Abrames is affiliated with the Association of Brazilian Academies of Arts (Associação das Academias de Letras do Brasil).

==History==
The creation of an academy of medical writers was designed by the physician Matheus Vasconcelos, who first brought up the idea to the regional Rio de Janeiro of Brazilian Society of Medical Writers.

Since then, a group formed by Matheus Vasconcelos himself with Marco Aurelio Caldas Barbosa, Miguel Callile Junior, Tito de Abreu Fialho, Maria José Werneck, Luiz de Araujo Gondim Lins, Perilo Galvão Peixoto and Syllos Sant'anna Reis went to meet as the organizing committee of the academy then gestated.

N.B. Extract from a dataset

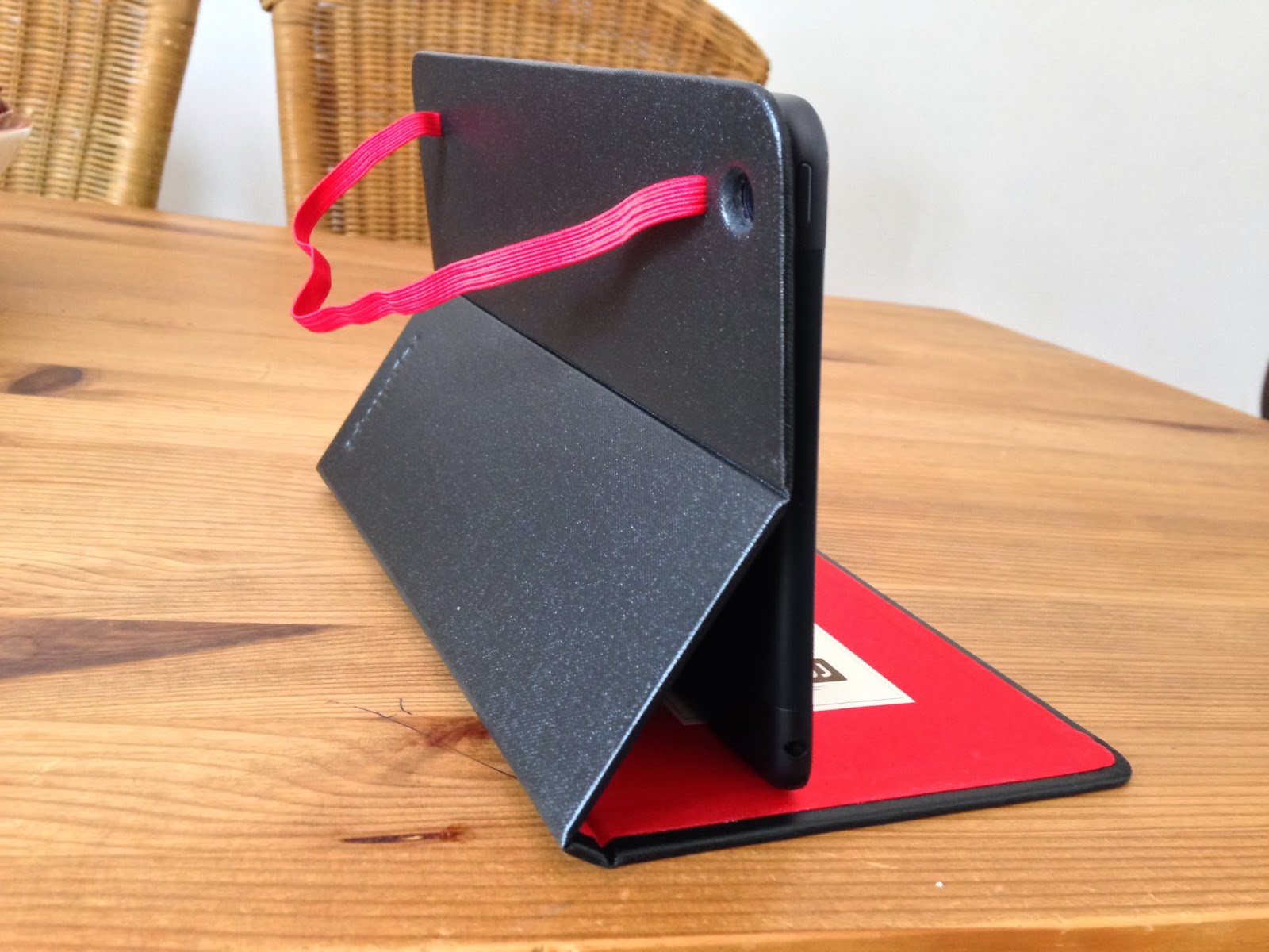 Como se comporta o iPad no modo "Stand"? Os magnetos embutidos na capa a cerca de 2/3 da sua largura, seguram eficazmente o aparelho na vertical, sem risco de "escorregamento". O modo "Stand" tem duas posições, uma para superficie plana e outro bastante cómodo se estivermos sentados ou mesmo deitados...
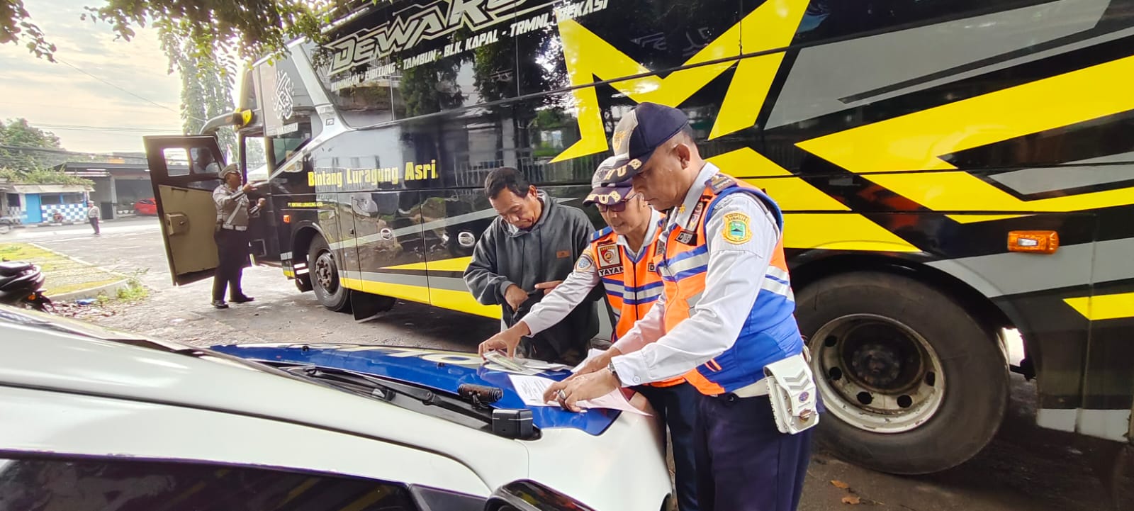 Dalam kegiatan tersebut, petugas memeriksa sedikitnya 14 unit bus terkait kelengkapan administrasi, masa berlaku uji KIR, serta kelaikan jalan.

Matheus Vasconcelos and Miguel Callile Junior died before installation of the academy, becoming the patrons of their seat.

==Patrons and members==
The Abrames is composed of fifty seats, with the principle of tenure changed, creating the membership emeritus, occurs when the vacancy of the seat without its owner, still alive, miss the academic condition.

==Bibliographic reference==
- BEGLIOMINI, HELIO. Imortais da Abrames. Rio de Janeiro:Expressão e Arte Editora, 2010.